Some films arrive in such a surprising and compelling way that they instantly become legend. “Where were you when Mad Max: Fury Road came out?” Fury Road brings the screen to life in spine-tingling fashion. Cinematic maths demands that any follow up will be met with sky-high expectations. George Miller, a visionary and an intellect, knew this, so he used his 21st century renaissance period to make 3000 Years of Longing. It’s a lovely film that’s only real comparison to Fury Road is its nimble visuals. But because 3000 Years was so different, and not part of Miller’s Max Max Wasteland universe, the hype was not sated. Oh no, the hype grew into a disgusting gas-guzzling, silver-toothy-sprayed, steampunk monster. And that monster would only be satisfied with more about Furiosa, the character Charlize Theron thrillingly inhabited in Fury Road.

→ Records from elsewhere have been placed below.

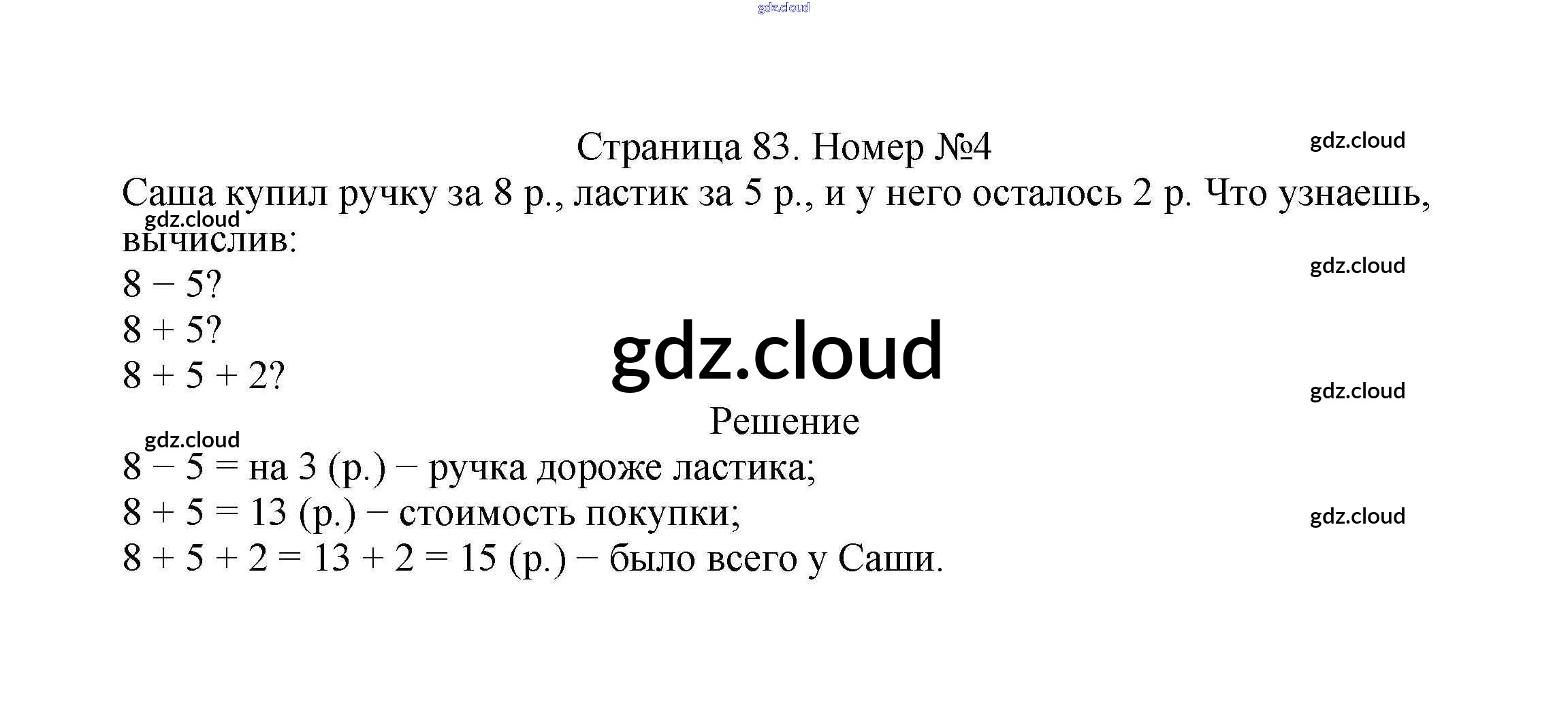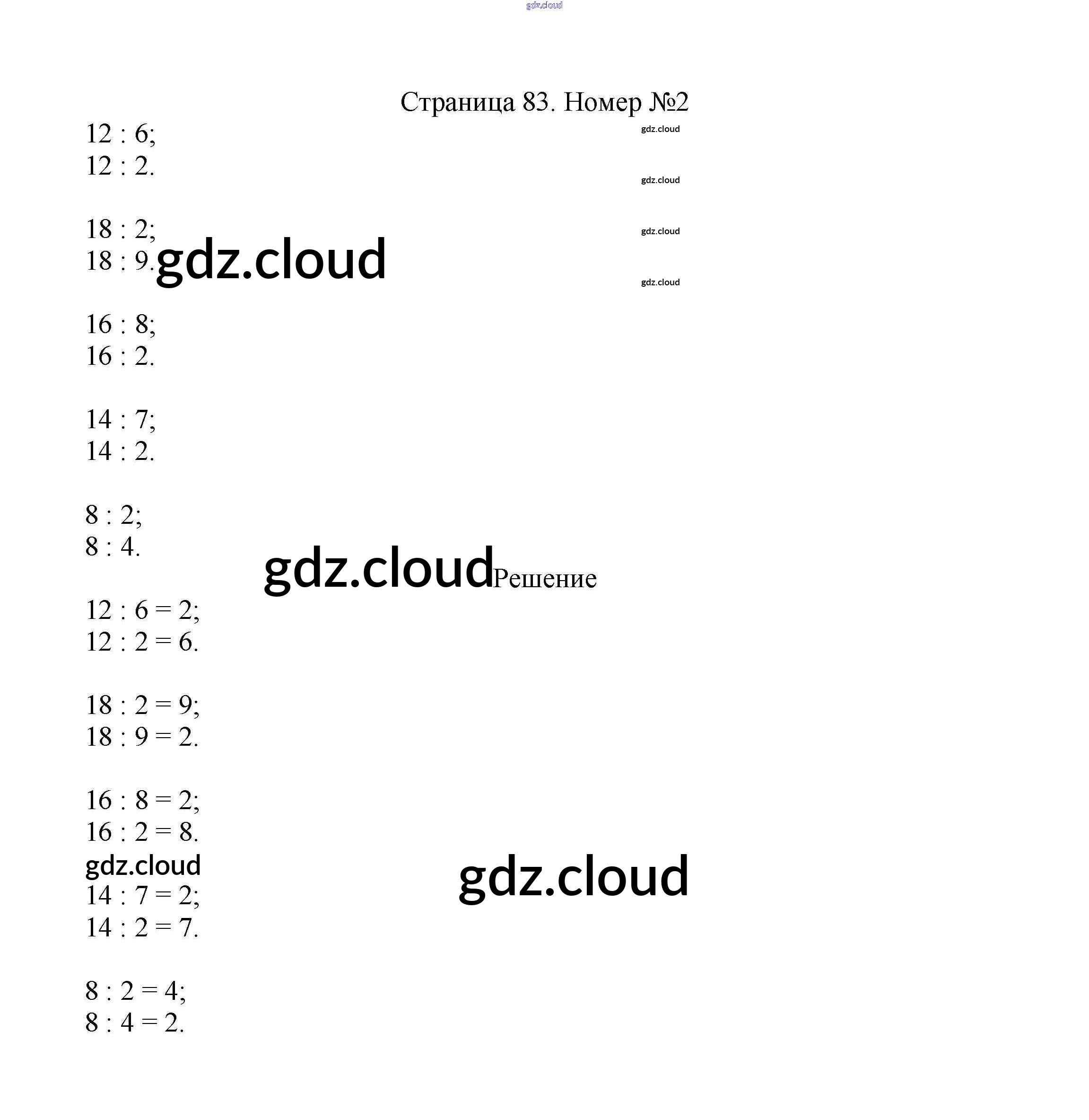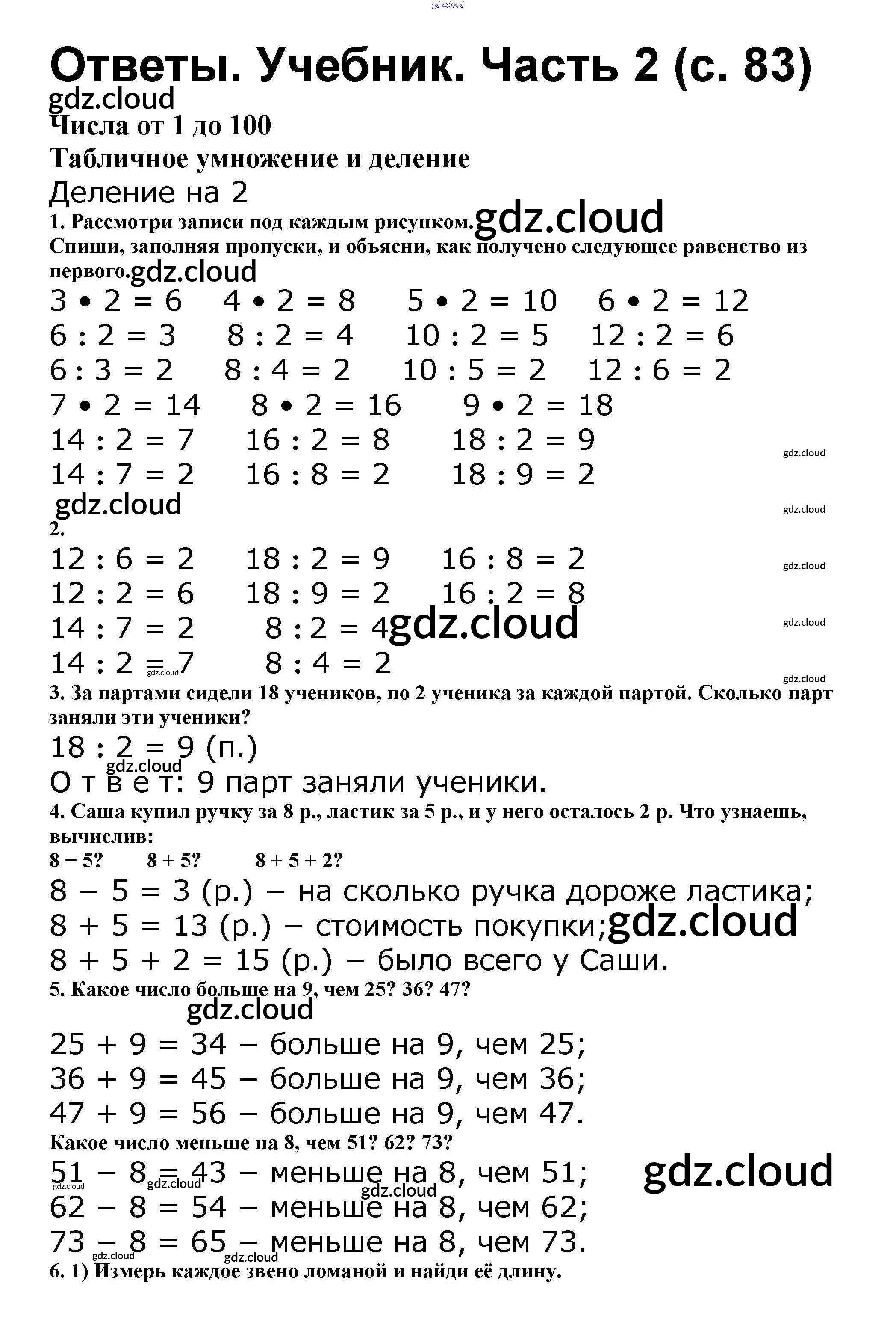 Ответ на задание стр.83 Учебник Математика за 2 (второй) класс Моро, Бантова, Бельтюкова Школа России 2015 Часть 1, 2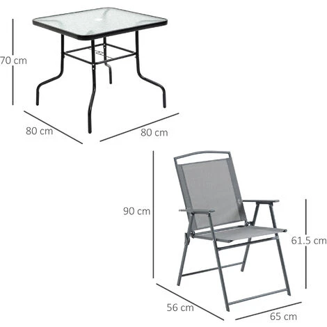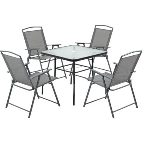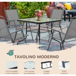 Lascia che questo set tavolo e sedie da giardino Outsunny sia il tuo elemento in più per le tue attività e il tuo relax all’aperto. La struttura delle 4 sedie e del tavolo in metallo robusto e il piano d’appoggio in vetro temperato garantiscono solidità ed eleganza. Il tessuto a rete delle sedie consente alla pelle di respirare per farti sedere comodamente. Un’aggiunta perfetta per i pomeriggi e le serate estive.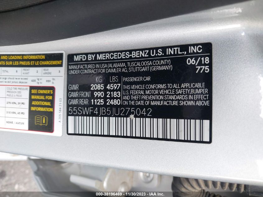 About this 2018 MERCEDES-BENZ C 300This 2018 MERCEDES-BENZ C 300 is part of our AUTOMOBILE vehicles. It's VIN code is - 55SWF4JB5JU275042. Join the auto auction to bid on this 2018 MERCEDES-BENZ C 300. Please note, the following damage may be present on the vehicle: LEFT FRONT and None, which can be viewed more closely by examining the photos included on this page.As of now, the sale date is .Good luck bidding on this 2018 MERCEDES-BENZ C 300!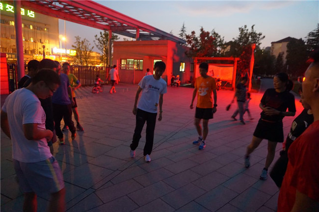 随后大家移步附近的闵行文化公园进行了一圈跑步中的交流,从准备的热身拉伸动作,到跑步过程中每个人姿势的调整,以及体力的分配,跑后的拉伸等,光光姚全程进行了指导;由于每个人的速度不同,到拐弯处光光姚直到等待最后一位校友通过才放心前行。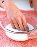 نقع اليدين في وعاء من الحليب كامل الدسم الدافئ لعدة دقائق. حامض اللبنيك في الحليب يساعد على إزالة الخلايا الميتة وتنعيم البشرة ، وتساعد الدهون الطبيعية تجديد الجلد الجاف.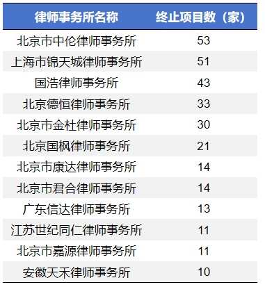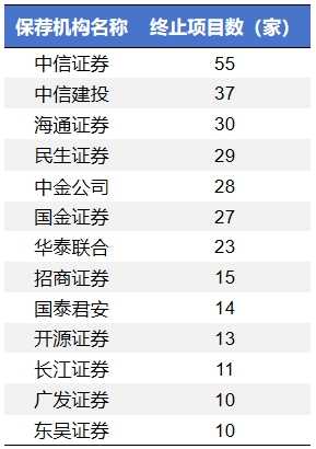 从保荐机构的角度来看,中信证券保荐的项目终止数量最多,达到了55家,中信建投和海通证券分别位列第二和第三位。同时,多家知名律师事务所和会计师事务所也涉及了较多的终止上市项目。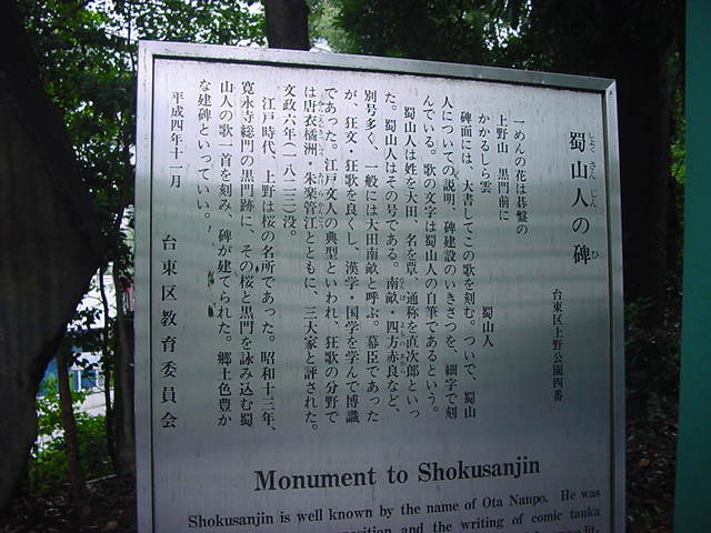 多くの観光客でにぎわう、上野公園とその周辺に残された石碑や遺構の一つです。大きな碑ですが、文字まではよく判読できないので、脇にある案内板を読みました。教育委員会が設置した説明板が親切で、歴史の勉強にもなります。

Of course Furiosa didn’t meet these expectations, how could it? But, that aside, Miller has made something that blends his two previous films. It is slower and atonal with stunning visuals. Furiosa world-builds like crazy and never quite hammers home its environmental message. However, it often forgets about the character of Furiosa. Maybe it should have been called Dementus.

Furiosa begins in a ‘place of abundance’ where young peach-tree dwelling Furiosa (Alyla Browne) lives a safe life until nasty skull bikers come to take paradise for themselves. The gang’s leader is (Dr) Dementus (Chris Hemsworth, having a whale of a time) an insane, moustached and strangely ripped creature. Furiosa is captured, but protects the location of her home from Dementus, who wants to rule all of the Wasteland. He pays a visit to Immortan Joe (Lachy Hulme), slightly less insane than his Fury Road archetype, but just as dangerous. Furiosa’s cunning helps her blend in to this world, eventually growing up (to become Anya-Taylor Joy) and meeting Praetorian Jack (Tom Burke). Jack is a war-rig driver distributing food and fuel to tyrant leaders. When Dementus’s despotic tendencies spiral Furiosa is caught in a civil war in the lawless desert.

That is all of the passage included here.